氮流量对六方氮化硼(hBN)薄膜结构和力学性能的影响

目的 研究磁控溅射过程氮气(N2)流量对六方氮化硼(hBN)薄膜结构和力学性能的影响，为设计新型结构hBN薄膜提供新思路。方法 利用中频电源磁控溅射硼靶，调节不同N2流量(6、12、18、24、30、36 mL/min)，沉积4 h后得到hBN薄膜，使用表征工具分析N2流量对hBN薄膜的组成、微观结构、表面形貌以及力学性能的影响。最后使用透射电子显微镜和选区电子衍射对所制备薄膜的纳米晶粒尺寸和晶体点阵结构进行分析。结果 XRD结果显示，薄膜物相主要为hBN。XPS结果说明，所制备薄膜为富硼hBN薄膜。薄膜的硬度和弹性模量随N2引入量的增加呈现先下降、后上升的趋势，最大硬度可达7.21 GPa，对应弹性模量为116.78 GPa。薄膜最低的硬度值为1.2 GPa，弹性模量为32.68 GPa。薄膜弹性破坏应变(H/E^*)和塑性变形抗力(H³/E^*2)随N2引入量的增加也呈现先上升、后下降的趋势，硬度最高薄膜对应的H/E^*值为6.414 ´ 10^–2，H³/E^*2值为29.27 ´ 10^–3 GPa，最低硬度值对应的H/E^*值为3.819 ´ 10^–2，H³/E^*2值为1.77 ´ 10^–3 GPa。

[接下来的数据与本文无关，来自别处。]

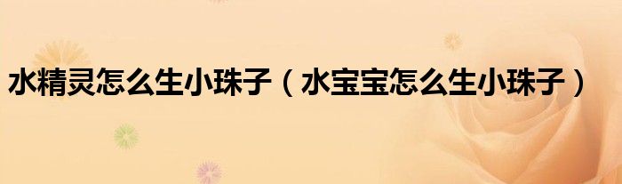 大家好,小晋来为大家解答以下问题,关于水精灵怎么生小珠子,水宝宝怎么生小珠子很多人还不知道,今天让我们一起来看看吧!

透射结果显示，当N2引入量从6 mL/min逐渐增加到36 mL/min时，薄膜微观结构由结晶较差的卷曲结构过渡到局部纳米晶结构，最后形成结晶性较好的卷曲结构，并再次证明所制备薄膜为hBN。结论 在中频磁控溅射沉积hBN薄膜时，通过调整N2流量可以有效调节薄膜的特殊组成，使结构发生转变，进而影响薄膜的力学性能。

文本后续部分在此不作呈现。